→ Assignment: At the line that holds "The White Jingle", start repeating, and keep going exactly through the final line of the material; include both ends and skip the pictures.

→ Available records:
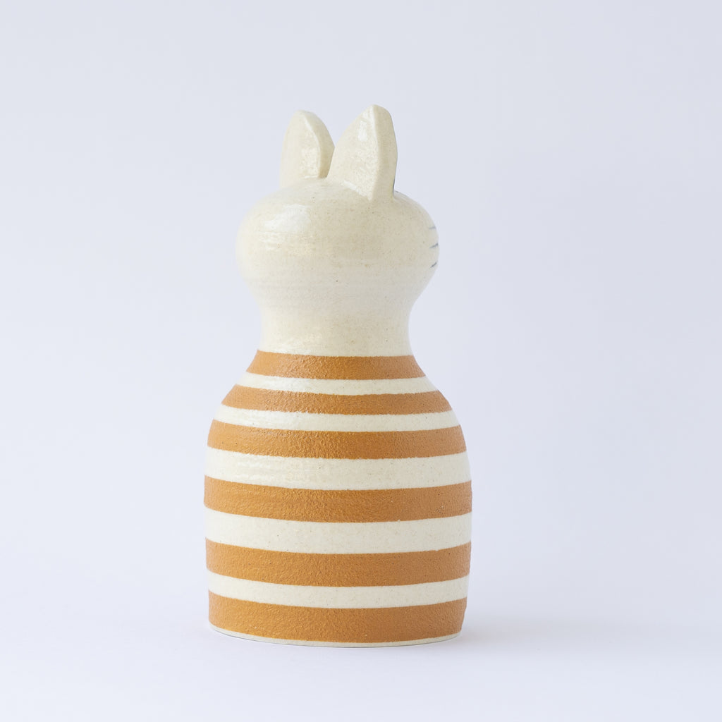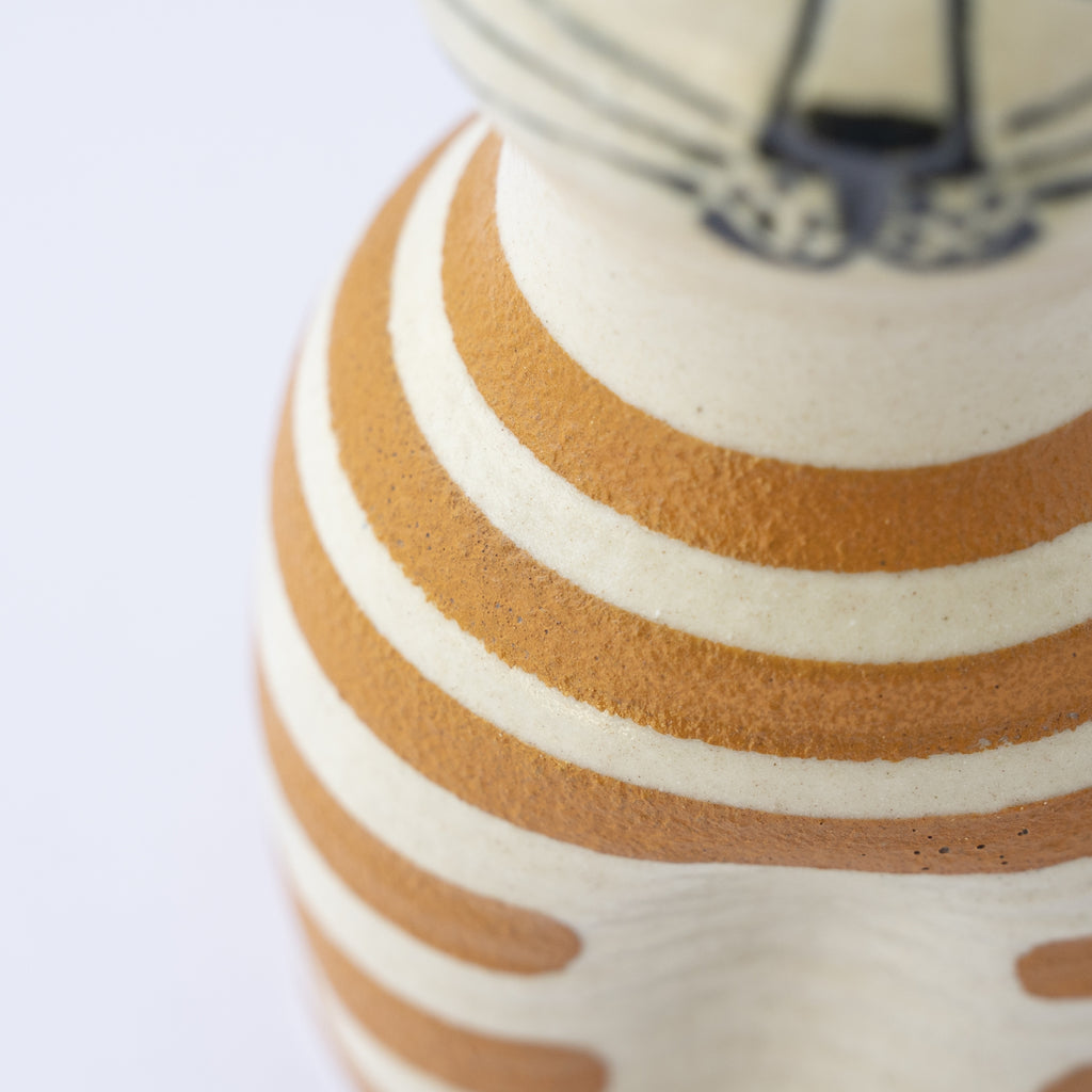 ゲームのコマをモチーフにデザインされただけあって、3匹揃えたときのカラフルなボーダーが印象的。こちらのTrappは砂糖入れとして作られました。ちなみに一番小さなTrippはもともと塩入れ。私たちトンカチの手によって、美濃焼とコラボレーションしたソルト&ペッパーとして復刻しています。
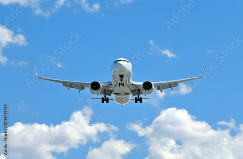 © nelsonpeng99, Fototapeta premium Airplane on blue sky white clouds
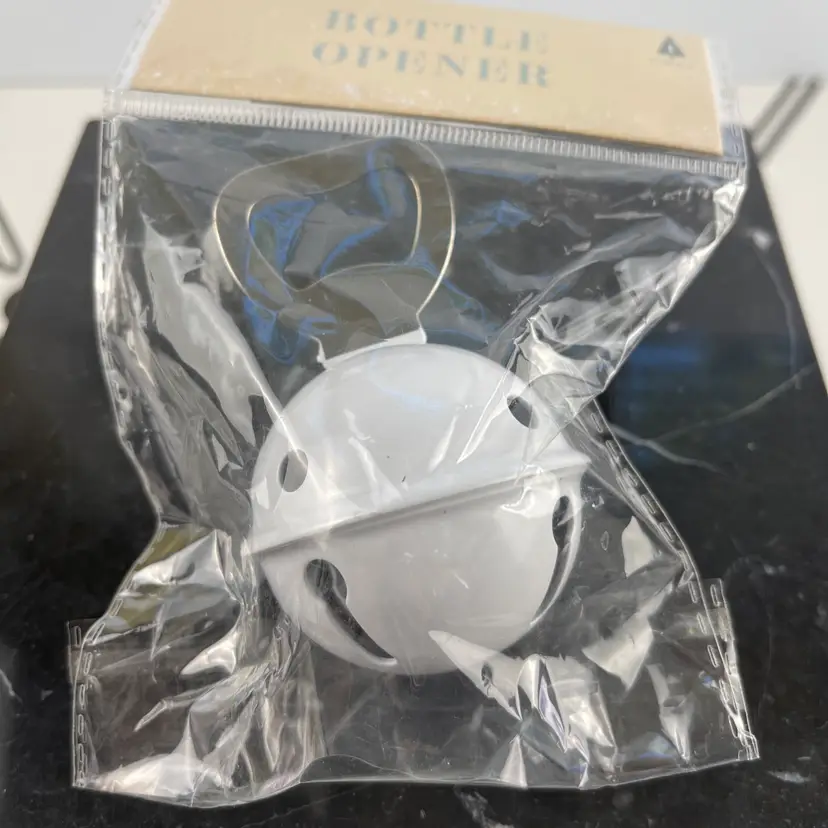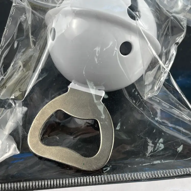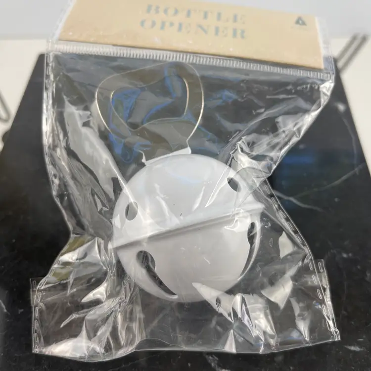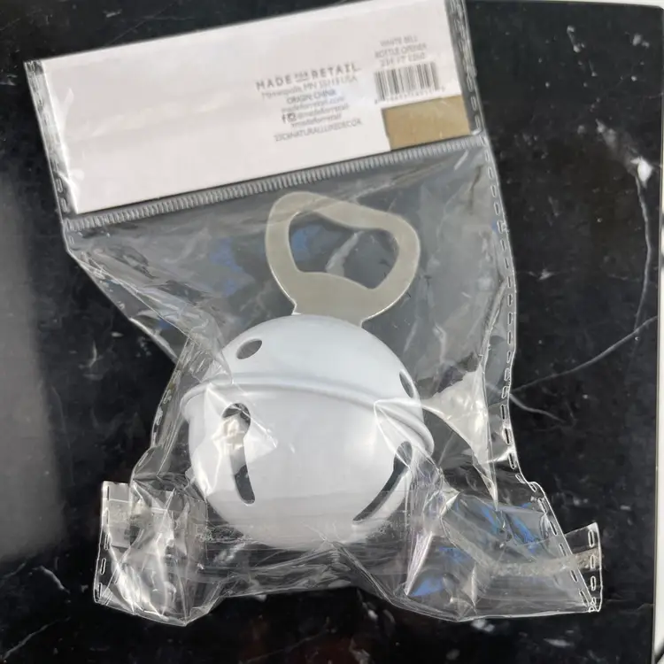 The White Jingle Bell Bottle Opener is a stylish addition to your holiday bar setup. This 4" handheld bottle opener features a festive Christmas design, making it perfect for getting your guests' drinks open during the holiday season. The white metal material adds a touch of elegance, while the jingle bell detail adds a playful element to the table. Made in China, this new in package bottle opener is sure to impress your guests and make your barware more fun and festive.
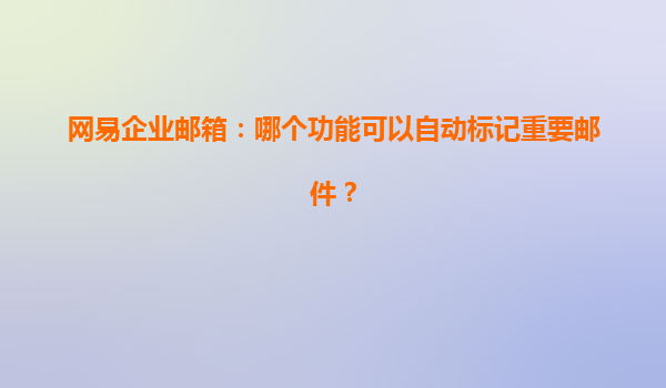 2025-04-12網(wǎng)易企業(yè)郵箱的自動(dòng)標(biāo)記重要郵件功能 在現(xiàn)代企業(yè)的日常工作中,電子郵件已經(jīng)成為了信息傳遞的主要方式。企業(yè)郵箱不僅僅是個(gè)人與外界聯(lián)系的工具,更是企業(yè)內(nèi)部溝通、合作的紐帶。網(wǎng)易企業(yè)郵箱憑借其強(qiáng)大的功能和...
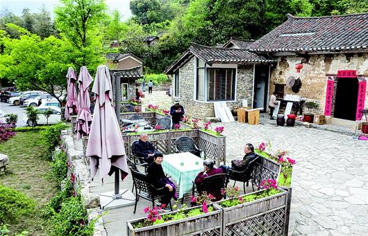 4月13日,在遠(yuǎn)安縣龍鳳村龐家灣網(wǎng)紅景區(qū)——拈花谷民宿,游客們在群山環(huán)抱的古村落里,吃農(nóng)家菜、住古民居,享受生態(tài)田園慢生活。龐家灣自明朝起為龐氏族人聚集地,有明清風(fēng)格天井房20多棟。近年來,遠(yuǎn)安縣發(fā)展全域旅游,利用龐家灣、金家灣、翟家?guī)X、武陵峽等村落的獨(dú)特地理環(huán)境與特色民居,將其打造成集吃住行、游玩娛樂購物等于一體的精品民宿旅游區(qū)。(湖北日報(bào)全媒記者 劉曙松 通訊員 黃海濤 劉中一 攝)
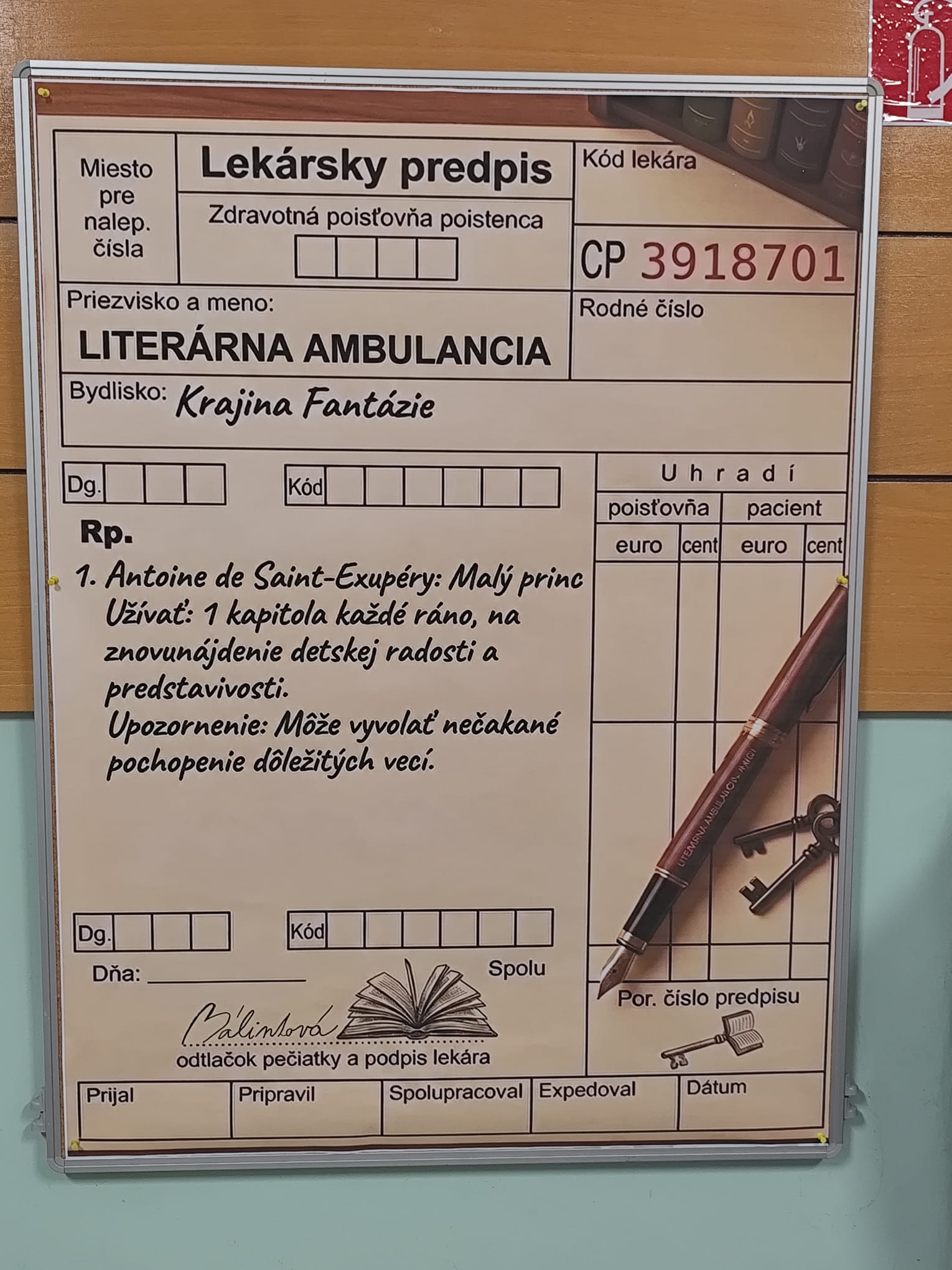 Poznáte lekársky predpis na chorú dušu ? V literárnej ambulancii na adrese Krajina fantázie by vám predpísali určie miesto lieku KNIHU.

→ Task solution:
 The White Jingle Bell Bottle Opener is a stylish addition to your holiday bar setup. This 4" handheld bottle opener features a festive Christmas design, making it perfect for getting your guests' drinks open during the holiday season. The white metal material adds a touch of elegance, while the jingle bell detail adds a playful element to the table. Made in China, this new in package bottle opener is sure to impress your guests and make your barware more fun and festive.
 2025-04-12網(wǎng)易企業(yè)郵箱的自動(dòng)標(biāo)記重要郵件功能 在現(xiàn)代企業(yè)的日常工作中,電子郵件已經(jīng)成為了信息傳遞的主要方式。企業(yè)郵箱不僅僅是個(gè)人與外界聯(lián)系的工具,更是企業(yè)內(nèi)部溝通、合作的紐帶。網(wǎng)易企業(yè)郵箱憑借其強(qiáng)大的功能和...
 4月13日,在遠(yuǎn)安縣龍鳳村龐家灣網(wǎng)紅景區(qū)——拈花谷民宿,游客們在群山環(huán)抱的古村落里,吃農(nóng)家菜、住古民居,享受生態(tài)田園慢生活。龐家灣自明朝起為龐氏族人聚集地,有明清風(fēng)格天井房20多棟。近年來,遠(yuǎn)安縣發(fā)展全域旅游,利用龐家灣、金家灣、翟家?guī)X、武陵峽等村落的獨(dú)特地理環(huán)境與特色民居,將其打造成集吃住行、游玩娛樂購物等于一體的精品民宿旅游區(qū)。(湖北日報(bào)全媒記者 劉曙松 通訊員 黃海濤 劉中一 攝)
 Poznáte lekársky predpis na chorú dušu ? V literárnej ambulancii na adrese Krajina fantázie by vám predpísali určie miesto lieku KNIHU.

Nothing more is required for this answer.